I had a good meeting with Mayor Sullivan last week. Topics included status updates on 2009 and 2010 and a review of cost-cutting measures to date and reallocation of ACVB resources to short-term business; the need to extend our facilities management contract so that ACVB can enter into a long term contract with an operator in 2010; expectations of the 2010 legislative session with regards to tourism issues; and the August 20 tourism summit.  He also shared information on his hopes that our visitor product offerings in Anchorage are expanded to include amenities in the Chugach and other improvements throughout the city.

Mayor Sullivan also provided the good news that the Mayor’s representative to the ACVB board will be a familiar face: Stacy Schubert. Welcome back, Stacy!

Many readers may recall Ms. Schubert as the very talented former President of the Anchorage Chamber of Commerce.  Having worked with her in that capacity I was very pleased to learn of her joining the administration as, according to a subsequent e-mail, Intergovernmental Affairs Director for the Municipality.  I don’t recall such a position at the city, at least in recent years, and I’m looking forward to meeting with Stacy soon to learn more about her role.  (I do have some experience with IGA, but that’s a long aside from long ago so we’ll skip the topic for now.)  All that aside, my larger point is that hiring freezes tend to be somewhat ephemeral.  We’ll see how this one continues to develop.

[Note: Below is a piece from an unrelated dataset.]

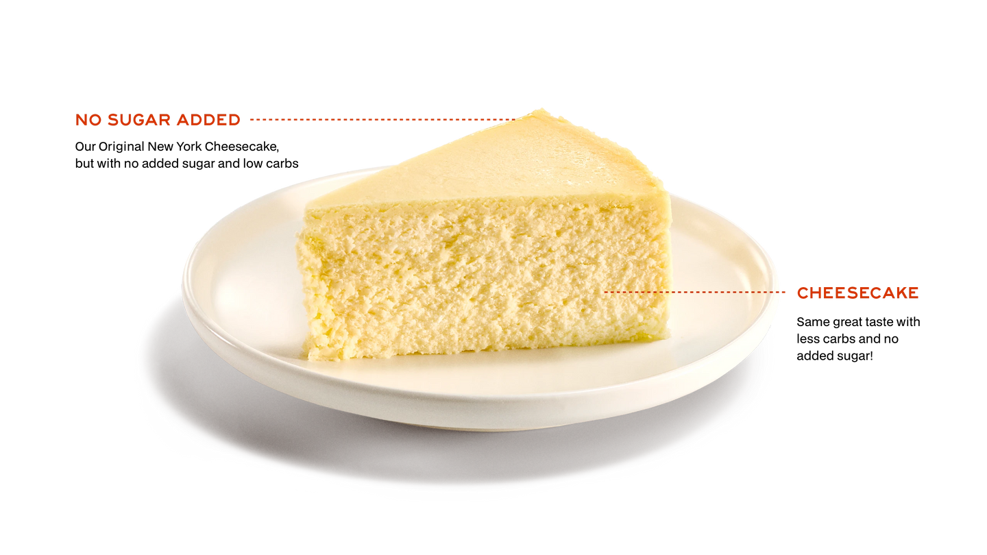 Our Original New York Cheesecake, but with no added sugar. Same great taste. Made with Xylitol (22g), an all natural sweetener.

P.S. In case you’re wondering, I’ll listen to the discussion Tuesday but I am not particularly inclined to support the idea of a task force to study equal rights for gays and lesbians.  While I appreciate the desire to seek common ground my impression is that at least some Anchorage residents will never support any measure that confers equal rights to our gay neighbors.  Better for us to vote, preferably on my new version, and move on.

This contribution was made on Saturday, 08. August 2009 at 13:00 and was published under the category Coming events, Other. You can follow comments on this entry through the RSS-Feed.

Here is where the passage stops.